=== Work to be completed ===
Retype each entry below exactly. Do not carry any image over.

=== Collected data entries ===
----------

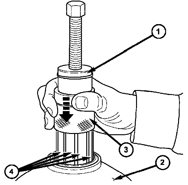 10. Slide the collar (3) on the Special Tool 9082 (1) downward over the fingers (4) of the tool.
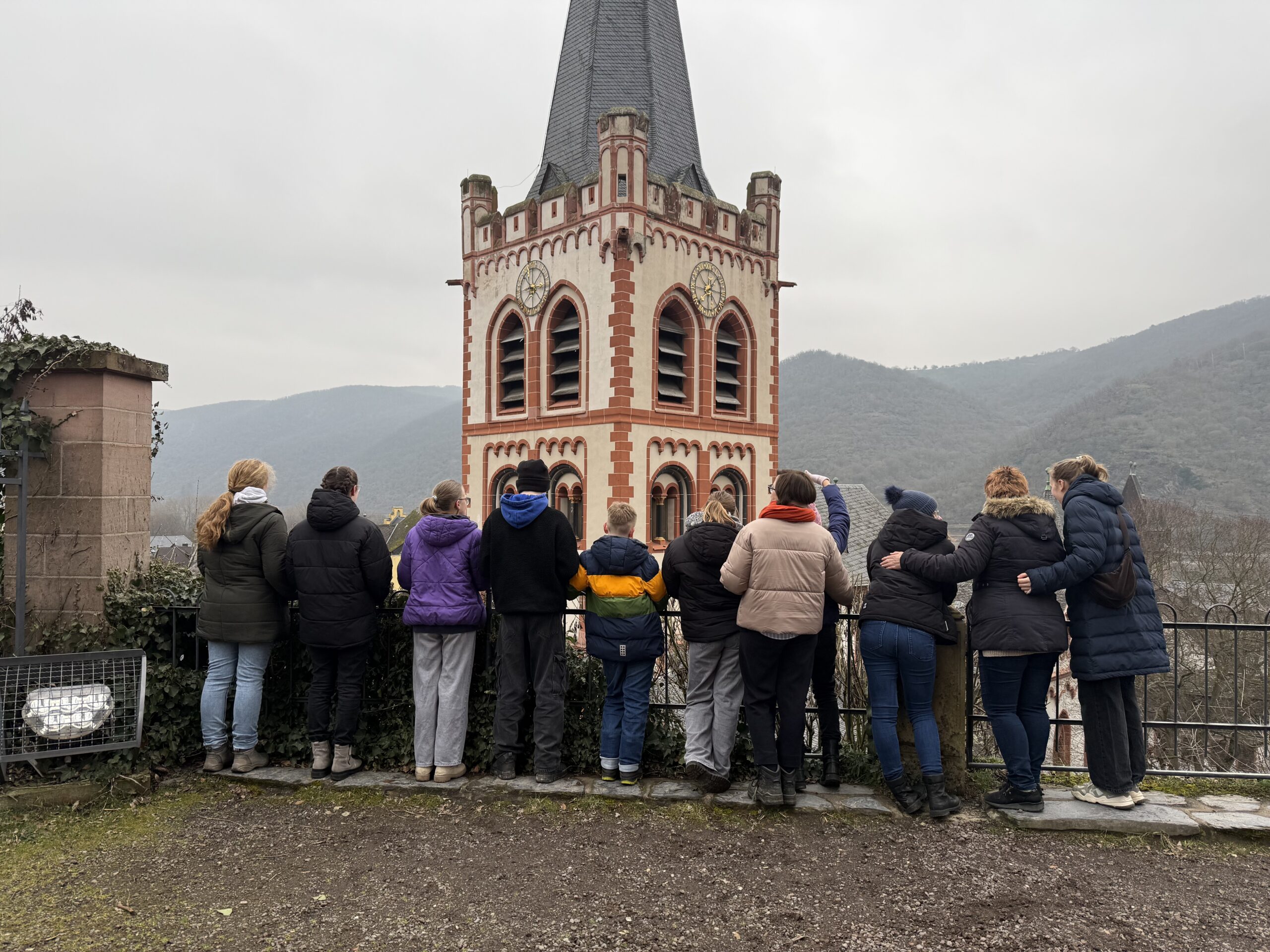 Nach dem Essen unternahmen wir eine Wanderung durch Bacharach, in die Weinberge und zur Burg Stahleck. Zum Aufwärmen gab es noch einen Kakao und ein paar Knabbereien und zwei Kisten Saft für unsere Gruppe.
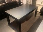Table à manger couleur anthracite, brillante. Dimensions : 90 x 180 cm. Traces d’usure. Les pieds présentent des décollements du r
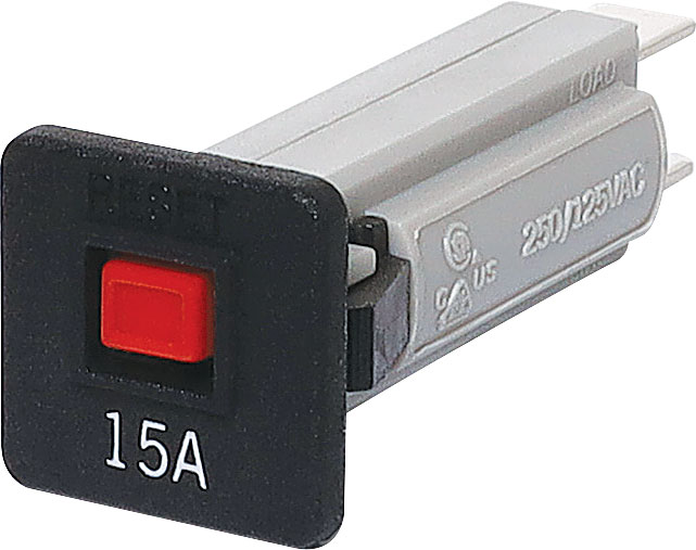 15A circuit breaker. Flush mount style. Snap-in fitting with coloured button. Dimensions:
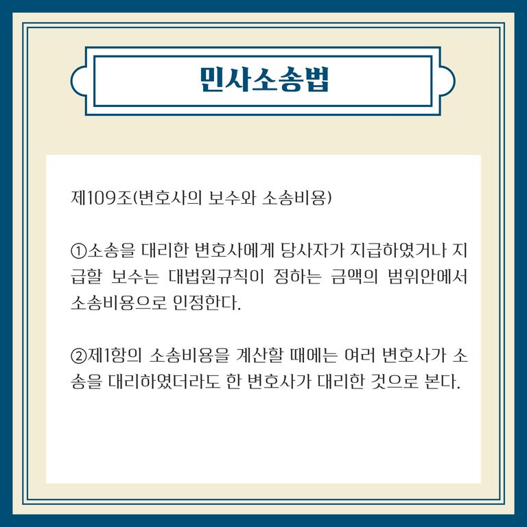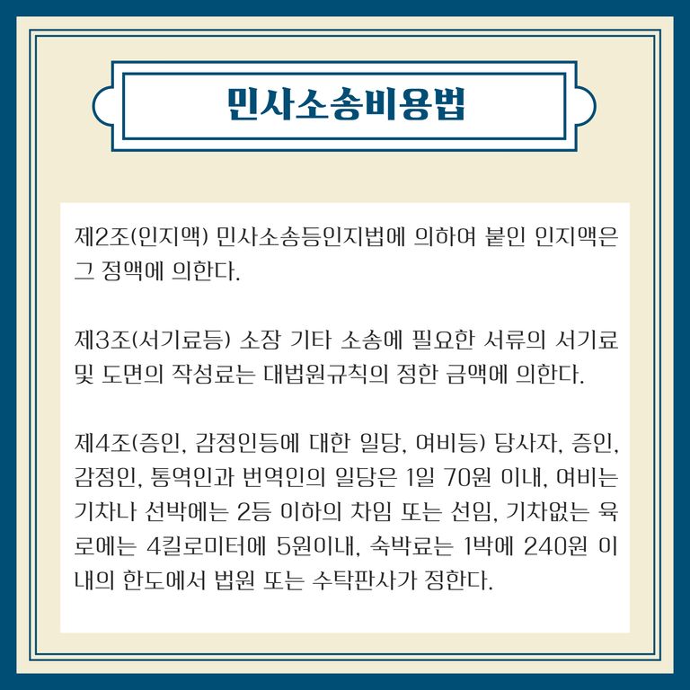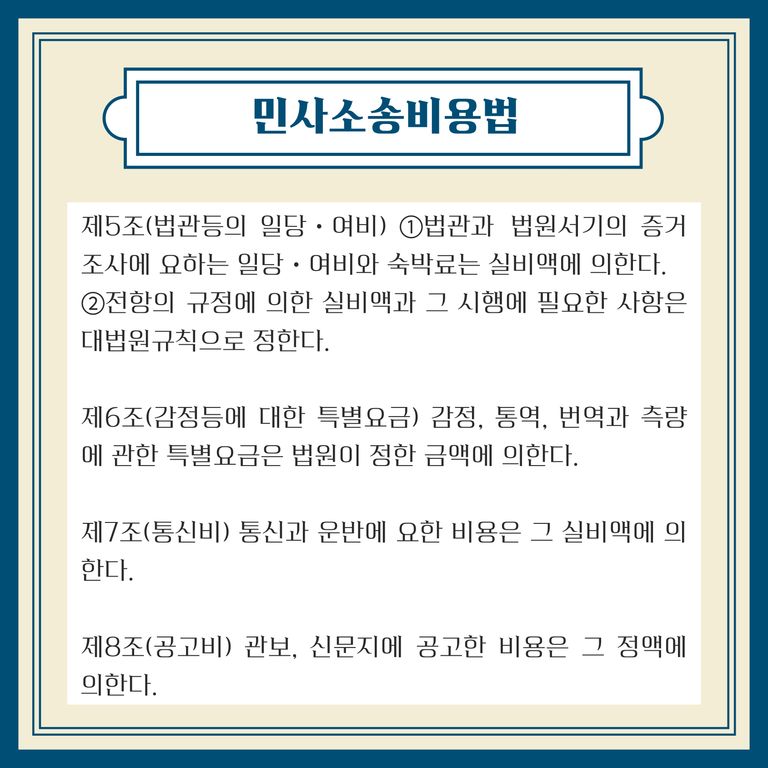 📍 패소자가 부담하는 소송비용은 민사소송비용법 및 민사소송법에서 정하고 있습니다.
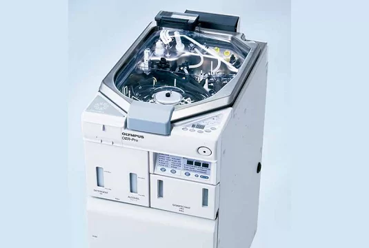 Автоматическая моечная машина эндоскопов Olympus – это сочетание высокой производительности и компактных размеров. Ширина машины – всего 45 сантиметров, что позволяет компактно разместить ее даже в самом ограниченном пространстве эндоскопического кабинета.
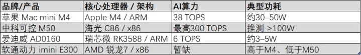 龙虾盒子芯片AI算力及功耗对比,来源:与非霸术院整理
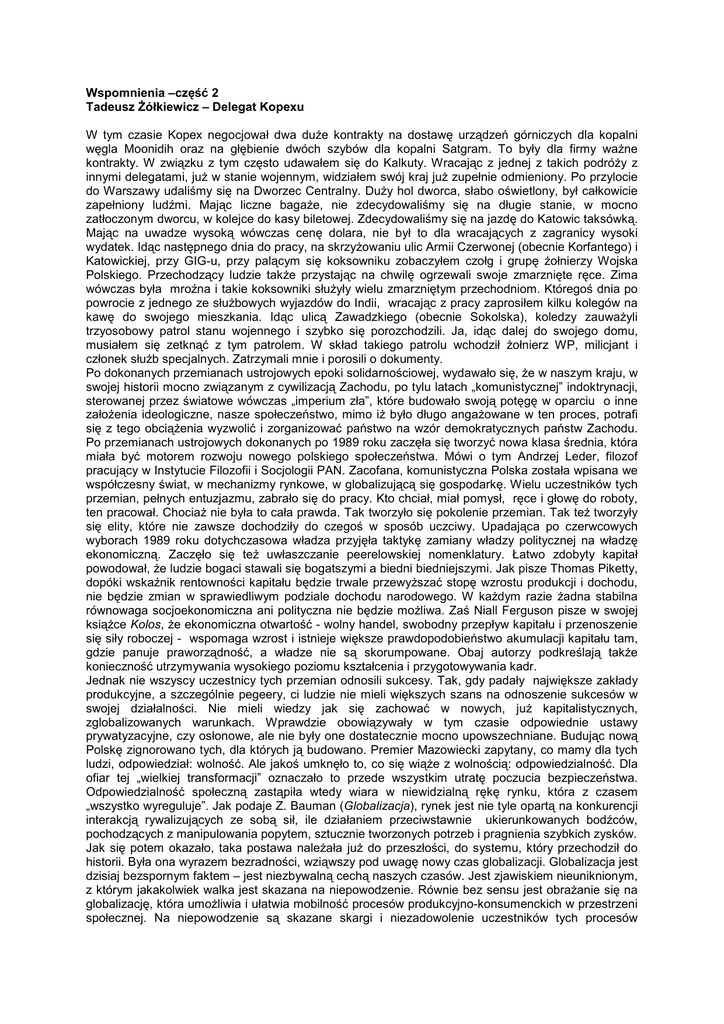 Wspomnienia –część 2 Tadeusz Żółkiewicz – Delegat Kopexu W tym czasie Kopex negocjował dwa duże kontrakty na dostawę urządzeń górniczych dla kopalni węgla Moonidih oraz na głębienie dwóch szybów dla kopalni Satgram. To były dla firmy ważne kontrakty. W związku z tym często udawałem się do Kalkuty. Wracając z jednej z takich podróży z innymi delegatami, już w stanie wojennym, widziałem swój kraj już zupełnie odmieniony. Po przylocie do Warszawy udaliśmy się na Dworzec Centralny. Duży hol dworca, słabo oświetlony, był całkowicie zapełniony ludźmi. Mając liczne bagaże, nie zdecydowaliśmy się na długie stanie, w mocno zatłoczonym dworcu, w kolejce do kasy biletowej. Zdecydowaliśmy się na jazdę do Katowic taksówką. Mając na uwadze wysoką wówczas cenę dolara, nie był to dla wracających z zagranicy wysoki wydatek. Idąc następnego dnia do pracy, na skrzyżowaniu ulic Armii Czerwonej (obecnie Korfantego) i Katowickiej, przy GIG-u, przy palącym się koksowniku zobaczyłem czołg i grupę żołnierzy Wojska Polskiego. Przechodzący ludzie także przystając na chwilę ogrzewali swoje zmarznięte ręce. Zima wówczas była mroźna i takie koksowniki służyły wielu zmarzniętym przechodniom. Któregoś dnia po powrocie z jednego ze służbowych wyjazdów do Indii, wracając z pracy zaprosiłem kilku kolegów na kawę do swojego mieszkania. Idąc ulicą Zawadzkiego (obecnie Sokolska), koledzy zauważyli trzyosobowy patrol stanu wojennego i szybko się porozchodzili. Ja, idąc dalej do swojego domu, musiałem się zetknąć z tym patrolem. W skład takiego patrolu wchodził żołnierz WP, milicjant i członek służb specjalnych. Zatrzymali mnie i porosili o dokumenty. Po dokonanych przemianach ustrojowych epoki solidarnościowej, wydawało się, że w naszym kraju, w swojej historii mocno związanym z cywilizacją Zachodu, po tylu latach „komunistycznej” indoktrynacji, sterowanej przez światowe wówczas „imperium zła”, które budowało swoją potęgę w oparciu o inne założenia ideologiczne, nasze społeczeństwo, mimo iż było długo angażowane w ten proces, potrafi się z tego obciążenia wyzwolić i zorganizować państwo na wzór demokratycznych państw Zachodu. Po przemianach ustrojowych dokonanych po 1989 roku zaczęła się tworzyć nowa klasa średnia, która miała być motorem rozwoju nowego polskiego społeczeństwa. Mówi o tym Andrzej Leder, filozof pracujący w Instytucie Filozofii i Socjologii PAN. Zacofana, komunistyczna Polska została wpisana we współczesny świat, w mechanizmy rynkowe, w globalizującą się gospodarkę. Wielu uczestników tych przemian, pełnych entuzjazmu, zabrało się do pracy. Kto chciał, miał pomysł, ręce i głowę do roboty, ten pracował. Chociaż nie była to cała prawda. Tak tworzyło się pokolenie przemian. Tak też tworzyły się elity, które nie zawsze dochodziły do czegoś w sposób uczciwy. Upadająca po czerwcowych wyborach 1989 roku dotychczasowa władza przyjęła taktykę zamiany władzy politycznej na władzę ekonomiczną. Zaczęło się też uwłaszczanie peerelowskiej nomenklatury. Łatwo zdobyty kapitał powodował, że ludzie bogaci stawali się bogatszymi a biedni biedniejszymi. Jak pisze Thomas Piketty, dopóki wskaźnik rentowności kapitału będzie trwale przewyższać stopę wzrostu produkcji i dochodu, nie będzie zmian w sprawiedliwym podziale dochodu narodowego. W każdym razie żadna stabilna równowaga socjoekonomiczna ani polityczna nie będzie możliwa. Zaś Niall Ferguson pisze w swojej książce Kolos, że ekonomiczna otwartość - wolny handel, swobodny przepływ kapitału i przenoszenie się siły roboczej - wspomaga wzrost i istnieje większe prawdopodobieństwo akumulacji kapitału tam, gdzie panuje praworządność, a władze nie są skorumpowane. Obaj autorzy podkreślają także konieczność utrzymywania wysokiego poziomu kształcenia i przygotowywania kadr. Jednak nie wszyscy uczestnicy tych przemian odnosili sukcesy. Tak, gdy padały największe zakłady produkcyjne, a szczególnie pegeery, ci ludzie nie mieli większych szans na odnoszenie sukcesów w swojej działalności. Nie mieli wiedzy jak się zachować w nowych, już kapitalistycznych, zglobalizowanych warunkach. Wprawdzie obowiązywały w tym czasie odpowiednie ustawy prywatyzacyjne, czy osłonowe, ale nie były one dostatecznie mocno upowszechniane. Budując nową Polskę zignorowano tych, dla których ją budowano. Premier Mazowiecki zapytany, co mamy dla tych ludzi, odpowiedział: wolność. Ale jakoś umknęło to, co się wiąże z wolnością: odpowiedzialność. Dla ofiar tej „wielkiej transformacji” oznaczało to przede wszystkim utratę poczucia bezpieczeństwa. Odpowiedzialność społeczną zastąpiła wtedy wiara w niewidzialną rękę rynku, która z czasem „wszystko wyreguluje”. Jak podaje Z. Bauman (Globalizacja), rynek jest nie tyle opartą na konkurencji interakcją rywalizujących ze sobą sił, ile działaniem przeciwstawnie ukierunkowanych bodźców, pochodzących z manipulowania popytem, sztucznie tworzonych potrzeb i pragnienia szybkich zysków. Jak się potem okazało, taka postawa należała już do przeszłości, do systemu, który przechodził do historii. Była ona wyrazem bezradności, wziąwszy pod uwagę nowy czas globalizacji. Globalizacja jest dzisiaj bezspornym faktem – jest niezbywalną cechą naszych czasów. Jest zjawiskiem nieuniknionym, z którym jakakolwiek walka jest skazana na niepowodzenie. Równie bez sensu jest obrażanie się na globalizację, która umożliwia i ułatwia mobilność procesów produkcyjno-konsumenckich w przestrzeni społecznej. Na niepowodzenie są skazane skargi i niezadowolenie uczestników tych procesów produkcyjnych, którzy nie mogą podążać za zmieniającym swoją lokalizację kapitałem. Globalizacja umożliwia optymalny wybór nowej lokalizacji, nad którym żadna państwowa władza ni

----------

=== Answer for the task ===
 10. Slide the collar (3) on the Special Tool 9082 (1) downward over the fingers (4) of the tool.
 Nach dem Essen unternahmen wir eine Wanderung durch Bacharach, in die Weinberge und zur Burg Stahleck. Zum Aufwärmen gab es noch einen Kakao und ein paar Knabbereien und zwei Kisten Saft für unsere Gruppe.
Table à manger couleur anthracite, brillante. Dimensions : 90 x 180 cm. Traces d’usure. Les pieds présentent des décollements du r
 15A circuit breaker. Flush mount style. Snap-in fitting with coloured button. Dimensions:
 📍 패소자가 부담하는 소송비용은 민사소송비용법 및 민사소송법에서 정하고 있습니다.
 Автоматическая моечная машина эндоскопов Olympus – это сочетание высокой производительности и компактных размеров. Ширина машины – всего 45 сантиметров, что позволяет компактно разместить ее даже в самом ограниченном пространстве эндоскопического кабинета.
 龙虾盒子芯片AI算力及功耗对比,来源:与非霸术院整理
 Wspomnienia –część 2 Tadeusz Żółkiewicz – Delegat Kopexu W tym czasie Kopex negocjował dwa duże kontrakty na dostawę urządzeń górniczych dla kopalni węgla Moonidih oraz na głębienie dwóch szybów dla kopalni Satgram. To były dla firmy ważne kontrakty. W związku z tym często udawałem się do Kalkuty. Wracając z jednej z takich podróży z innymi delegatami, już w stanie wojennym, widziałem swój kraj już zupełnie odmieniony. Po przylocie do Warszawy udaliśmy się na Dworzec Centralny. Duży hol dworca, słabo oświetlony, był całkowicie zapełniony ludźmi. Mając liczne bagaże, nie zdecydowaliśmy się na długie stanie, w mocno zatłoczonym dworcu, w kolejce do kasy biletowej. Zdecydowaliśmy się na jazdę do Katowic taksówką. Mając na uwadze wysoką wówczas cenę dolara, nie był to dla wracających z zagranicy wysoki wydatek. Idąc następnego dnia do pracy, na skrzyżowaniu ulic Armii Czerwonej (obecnie Korfantego) i Katowickiej, przy GIG-u, przy palącym się koksowniku zobaczyłem czołg i grupę żołnierzy Wojska Polskiego. Przechodzący ludzie także przystając na chwilę ogrzewali swoje zmarznięte ręce. Zima wówczas była mroźna i takie koksowniki służyły wielu zmarzniętym przechodniom. Któregoś dnia po powrocie z jednego ze służbowych wyjazdów do Indii, wracając z pracy zaprosiłem kilku kolegów na kawę do swojego mieszkania. Idąc ulicą Zawadzkiego (obecnie Sokolska), koledzy zauważyli trzyosobowy patrol stanu wojennego i szybko się porozchodzili. Ja, idąc dalej do swojego domu, musiałem się zetknąć z tym patrolem. W skład takiego patrolu wchodził żołnierz WP, milicjant i członek służb specjalnych. Zatrzymali mnie i porosili o dokumenty. Po dokonanych przemianach ustrojowych epoki solidarnościowej, wydawało się, że w naszym kraju, w swojej historii mocno związanym z cywilizacją Zachodu, po tylu latach „komunistycznej” indoktrynacji, sterowanej przez światowe wówczas „imperium zła”, które budowało swoją potęgę w oparciu o inne założenia ideologiczne, nasze społeczeństwo, mimo iż było długo angażowane w ten proces, potrafi się z tego obciążenia wyzwolić i zorganizować państwo na wzór demokratycznych państw Zachodu. Po przemianach ustrojowych dokonanych po 1989 roku zaczęła się tworzyć nowa klasa średnia, która miała być motorem rozwoju nowego polskiego społeczeństwa. Mówi o tym Andrzej Leder, filozof pracujący w Instytucie Filozofii i Socjologii PAN. Zacofana, komunistyczna Polska została wpisana we współczesny świat, w mechanizmy rynkowe, w globalizującą się gospodarkę. Wielu uczestników tych przemian, pełnych entuzjazmu, zabrało się do pracy. Kto chciał, miał pomysł, ręce i głowę do roboty, ten pracował. Chociaż nie była to cała prawda. Tak tworzyło się pokolenie przemian. Tak też tworzyły się elity, które nie zawsze dochodziły do czegoś w sposób uczciwy. Upadająca po czerwcowych wyborach 1989 roku dotychczasowa władza przyjęła taktykę zamiany władzy politycznej na władzę ekonomiczną. Zaczęło się też uwłaszczanie peerelowskiej nomenklatury. Łatwo zdobyty kapitał powodował, że ludzie bogaci stawali się bogatszymi a biedni biedniejszymi. Jak pisze Thomas Piketty, dopóki wskaźnik rentowności kapitału będzie trwale przewyższać stopę wzrostu produkcji i dochodu, nie będzie zmian w sprawiedliwym podziale dochodu narodowego. W każdym razie żadna stabilna równowaga socjoekonomiczna ani polityczna nie będzie możliwa. Zaś Niall Ferguson pisze w swojej książce Kolos, że ekonomiczna otwartość - wolny handel, swobodny przepływ kapitału i przenoszenie się siły roboczej - wspomaga wzrost i istnieje większe prawdopodobieństwo akumulacji kapitału tam, gdzie panuje praworządność, a władze nie są skorumpowane. Obaj autorzy podkreślają także konieczność utrzymywania wysokiego poziomu kształcenia i przygotowywania kadr. Jednak nie wszyscy uczestnicy tych przemian odnosili sukcesy. Tak, gdy padały największe zakłady produkcyjne, a szczególnie pegeery, ci ludzie nie mieli większych szans na odnoszenie sukcesów w swojej działalności. Nie mieli wiedzy jak się zachować w nowych, już kapitalistycznych, zglobalizowanych warunkach. Wprawdzie obowiązywały w tym czasie odpowiednie ustawy prywatyzacyjne, czy osłonowe, ale nie były one dostatecznie mocno upowszechniane. Budując nową Polskę zignorowano tych, dla których ją budowano. Premier Mazowiecki zapytany, co mamy dla tych ludzi, odpowiedział: wolność. Ale jakoś umknęło to, co się wiąże z wolnością: odpowiedzialność. Dla ofiar tej „wielkiej transformacji” oznaczało to przede wszystkim utratę poczucia bezpieczeństwa. Odpowiedzialność społeczną zastąpiła wtedy wiara w niewidzialną rękę rynku, która z czasem „wszystko wyreguluje”. Jak podaje Z. Bauman (Globalizacja), rynek jest nie tyle opartą na konkurencji interakcją rywalizujących ze sobą sił, ile działaniem przeciwstawnie ukierunkowanych bodźców, pochodzących z manipulowania popytem, sztucznie tworzonych potrzeb i pragnienia szybkich zysków. Jak się potem okazało, taka postawa należała już do przeszłości, do systemu, który przechodził do historii. Była ona wyrazem bezradności, wziąwszy pod uwagę nowy czas globalizacji. Globalizacja jest dzisiaj bezspornym faktem – jest niezbywalną cechą naszych czasów. Jest zjawiskiem nieuniknionym, z którym jakakolwiek walka jest skazana na niepowodzenie. Równie bez sensu jest obrażanie się na globalizację, która umożliwia i ułatwia mobilność procesów produkcyjno-konsumenckich w przestrzeni społecznej. Na niepowodzenie są skazane skargi i niezadowolenie uczestników tych procesów produkcyjnych, którzy nie mogą podążać za zmieniającym swoją lokalizację kapitałem. Globalizacja umożliwia optymalny wybór nowej lokalizacji, nad którym żadna państwowa władza ni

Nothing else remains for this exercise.